Em todo processo de maturação sobre um tema de forte impacto para a sociedade deve-se fomentar o debate qualificado de forma ampla e aberta. Algo a ser feito por todos os atores envolvidos na temática pretendida alcançar. Não se pode achar que um único indivíduo estará com a melhor percepção dos fatos entre todas as interpretações possíveis. Quem acha que tudo sabe sempre erra em tudo porque nunca ouve ninguém.
A discussão, registra os bens sucedidos exemplos históricos, é fundamental ao fortalecimento das democracias. No caso do projeto denominado “Pacote Anticrime”, proposto pelo governo federal, não se está diante de discussão limitada ao ministro da Justiça e tampouco de forma isolada à Advocacia, à Magistratura ou ao Ministério Público. Todos os integrantes do sistema de Justiça, que todos os dias trabalharão com as questões afetas aos temas do referido projeto, devem ser ouvidos.
Foi nesse contexto que a Advocacia paulista trabalhou para oferecer à sociedade e ao Congresso Nacional a sua leitura do indicado projeto. Fizemos isso porque acreditamos vivamente no aperfeiçoamento das discussões por meio dos grandes debates. Na Audiência Pública realizada pela OAB São Paulo, que materializou discussões de toda a sociedade que lá participou, tivemos a oportunidade de colher informações, subsídios e posições para a posterior apreciação pelo Conselho Secional. Assim é que, em cumprimento ao seu papel de defesa da Constituição e da ordem jurídica do Estado Democrático de Direito, a Seção São Paulo da Ordem dos Advogados do Brasil emitiu enunciados por meio dos quais encaminhou aos integrantes do Poder Legislativo Federal o seu pensamento sobre a proposta do governo federal alusiva ao “Pacote Anticrime”.
Nos enunciados a que deu origem, a Secional registrou que não considera as propostas do dito “Pacote Anticrime” como um projeto verdadeiramente de Segurança Pública, mas apenas como um veículo de alteração legislativa penal e processual penal, com foco equivocado no recrudescimento da legislação e na proposição de maior encarceramento.

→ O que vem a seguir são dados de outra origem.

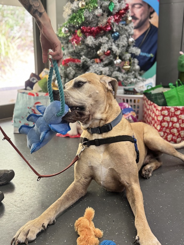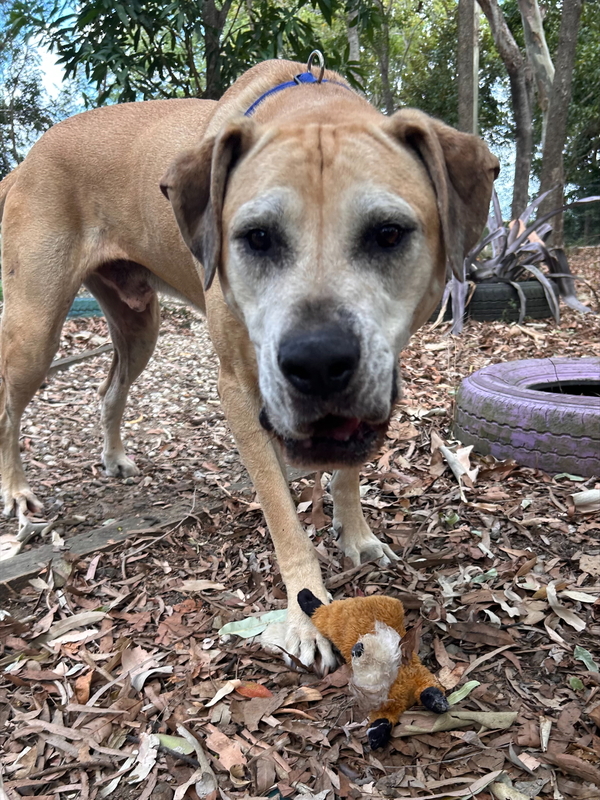 Hi, I'm Wilson! I might be an older guy, but I still have lots of energy! I absolutely love going for my daily walks and will bark at you if you're taking too long! I can get a bit too excited and pull but I'm a very good listener and will slow down if you ask me to! I'm a pretty chill guy, I walk well with the other dogs here, I even ignore their silliness, but I don't appreciate them invading my space. So will definitely need a home with no pestering dogs please! I could be open to another older chill female, but preferably an only dog home where I can get all the loving! I can take some time to warm up to people I don't know, but once I trust you, I absolutely love you! I turn into a goofy boy during play time; I love playing tug with you and fetching the ball! I can be a bit silly during tug and grab where you're holding but if you tell me to leave it, I'll listen straight away! Now because I'm a bit of an older guy I do have some stiff joints, but that can be easily managed and other than that I'm in perfect health! So, if you think I'm your perfect match then come meet me today!
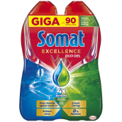 Multifunkční tekutý prostředek na mytí nádobí Somat Excellence Duo kombinuje dvě doplňující se složení, která působí proti odolným skvrnám a nečistotám! Gel do myčky nádobí se rychle rozpouští i při ekologických cyklech s nízkými teplotami, takže nezanechává žádné zbytky a poskytuje zářivě čistý lesk po každém mycím cyklu. Navíc složení gelu proti mastnotě obsahuje aktivní odmašťovače pro čisté a lesklé nádobí! Tekutý čisticí prostředek do myčky nádobí lze snadno dávkovat podle kapacity myčky a znečištění nádobí. Můžete ušetřit vodu a až 20% energie přepnutím na eco program s nízkou teplotou nebo krátký program s nízkou teplotou při zachování excelentní čistoty a lesku. Somat Excellence Duo Gel poskytuje perfektní mycí výsledek dokonce i v případě, že kontrolka soli nebo oplachovače svítí. V obou případech je funkce oplachovače i změkčovače vody zachována.
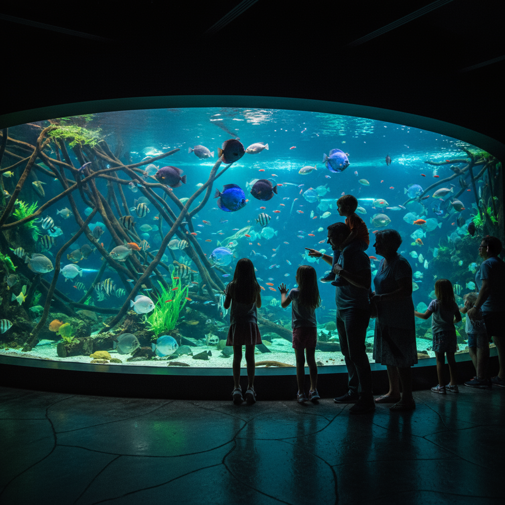 チケットを手に入れ、いよいよ館内へ。最初に目に飛び込んできたのは、大きな「アマゾン川の生態系」を再現した水槽でした。透明なガラスの向こうで、カラフルな熱帯魚たちが優雅に泳ぎ回っています。小さな男の子が「あっ!ピラニアだ!」と指さす傍らで、お父さんが魚の特徴を熱心に説明している姿が印象的でした。
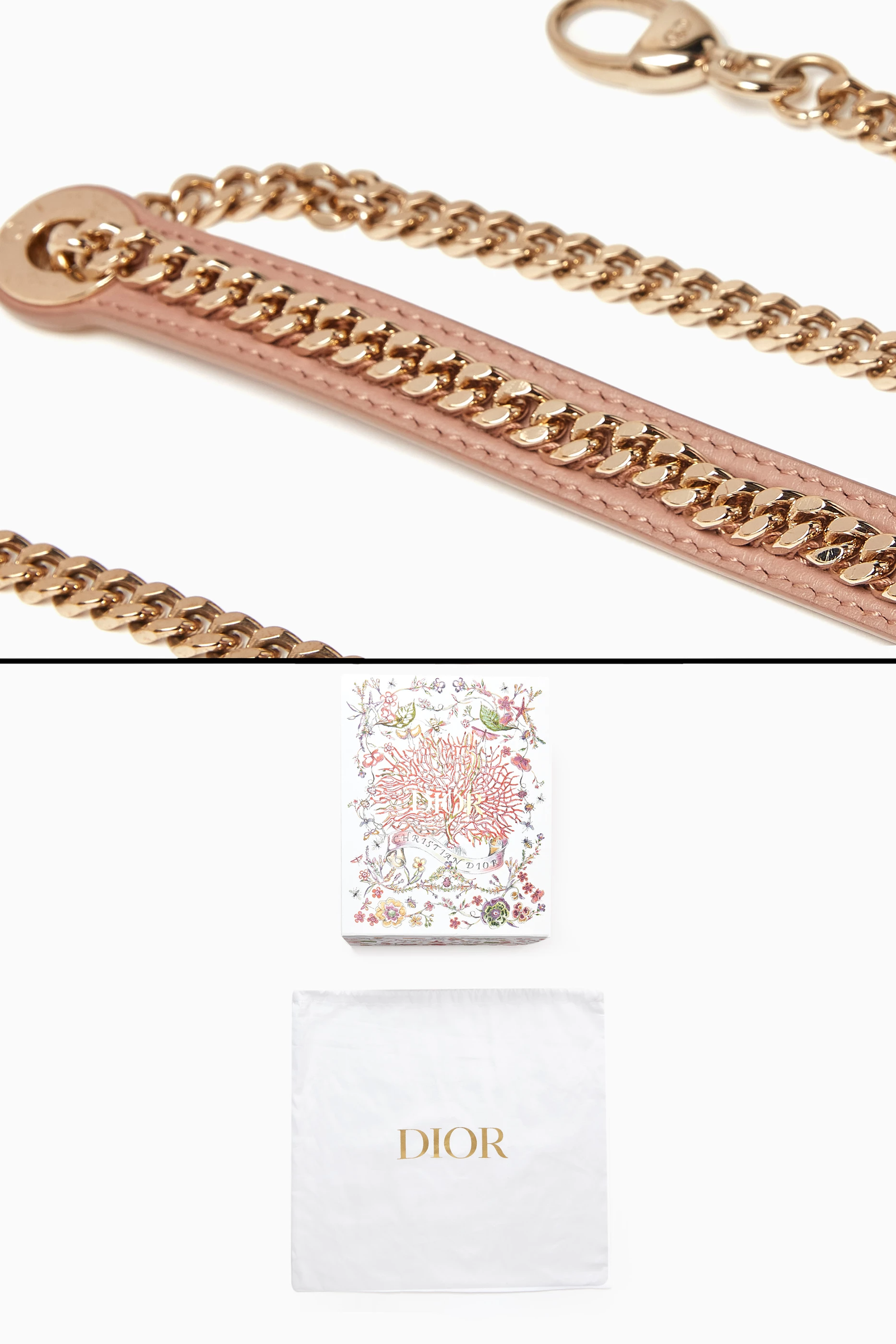 Hardware: Adorned with pale gold-finish metal D.I.O.R. charms.
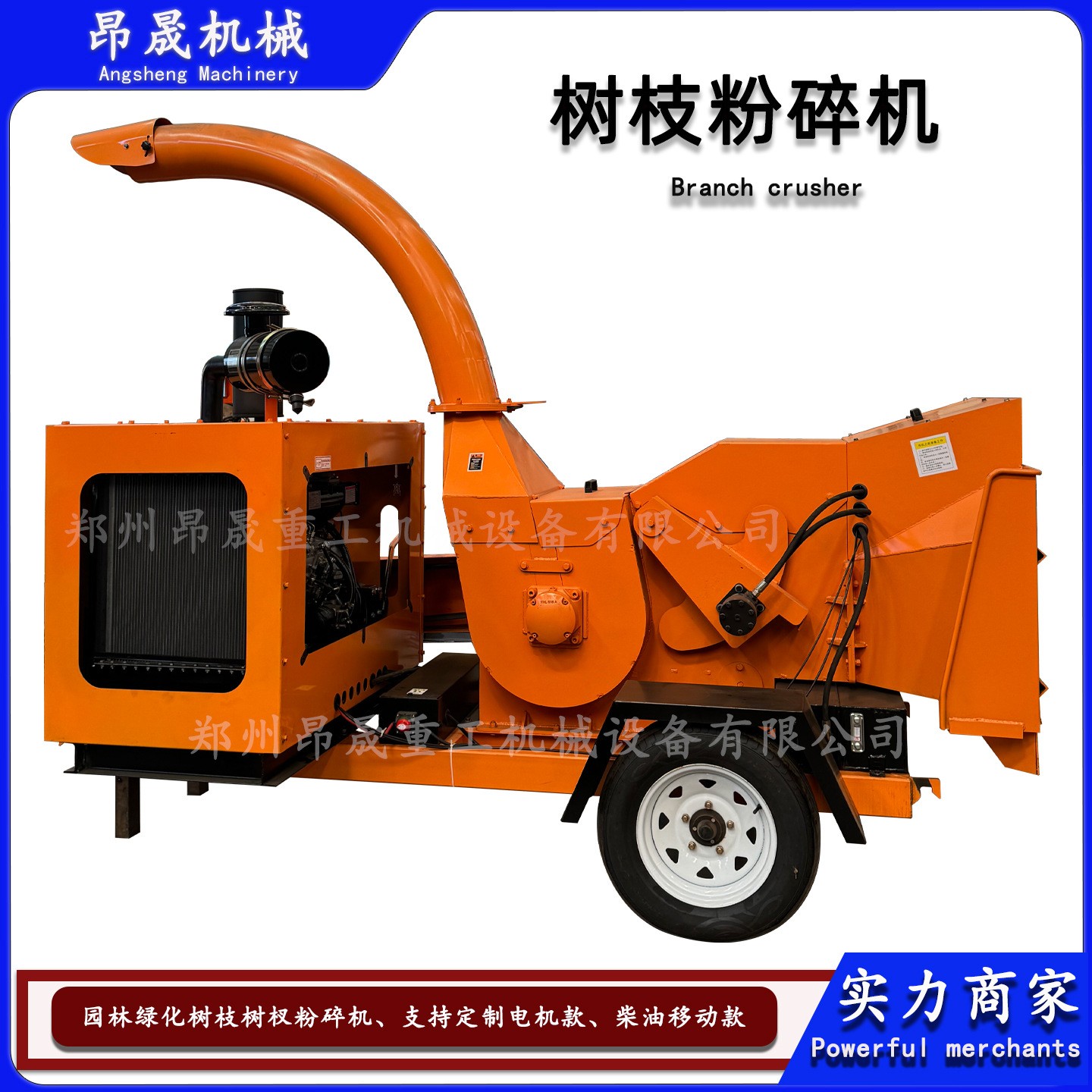 干濕料樹枝樹葉瓜藤破碎機竹子家具板材粉碎機可移動柴油款碎屑機 1臺

Se o que queremos é a busca de melhorias no âmbito da segurança pública, nós precisamos entender e compreender adequadamente qual é o papel do Estado e quais são as ações efetivas que dele se espera, aspectos que este projeto não tocou. O aparelhamento adequado e a melhor remuneração das forças públicas e a busca de educação de forma mais eficaz devem fazer parte de uma visão mais responsável para a convivência de todos. Infelizmente são questões que passaram ao largo de um pacote que pretendeu discutir segurança pública, que partiu apenas e tão somente da premissa do endurecimento da legislação penal. Veja-se que, no mundo inteiro, é consenso que a legislação penal mais severa, por si só, não soluciona a questão da segurança pública na sociedade contemporânea.
São vários os pontos que merecem reavaliação e aprofundamento dos debates. Talvez aquele que tenha dado mais discussão, é o que envolve uma tentativa de dar uma roupagem diferente à legítima defesa quando do exercício das atividades pelos integrantes das forças públicas. Nós não podemos desconhecer a força do Estado. O Judiciário é o Poder destinado para analisar a situação concreta, se houve ou não excessos. O Estado não pode tudo, por isso suas ações encontram limite na lei e não no subjetivismo de cada um dos seus agentes. É absolutamente perigoso o estabelecimento de regras que dão ênfase exclusivamente ao ponto de vista dos agentes estatais, porque elas certamente dificultarão ao Poder Judiciário a punição dos excessos.
Incomoda-nos a preocupação de algumas autoridades em querer afastar uma lei que proíbe e que combate e pune o abuso. A autoridade consciente quanto à sua função e ao seu dever não tem medo de qualquer legislação que coíbe o abuso, porque sabe estar exercendo o seu papel sem qualquer açodamento ou atropelo, cumprindo, portanto, abalizadamente as metas traçadas pela sua consciência e nos limites adequados impostos pela lei.
Por isso, nós sempre reiteramos que a OAB SP defenderá o cumprimento da lei. Quem se desvia dos caminhos da lei deve merecer a punição nela estabelecida, mas é preciso discutir com a sociedade brasileira qual é a lei que queremos. E a lei que queremos não pode estar na vontade de um único indivíduo. Afinal de contas, o debate qualificado e transparente sempre foi a pedra de toque para a origem de regras mais adequadas.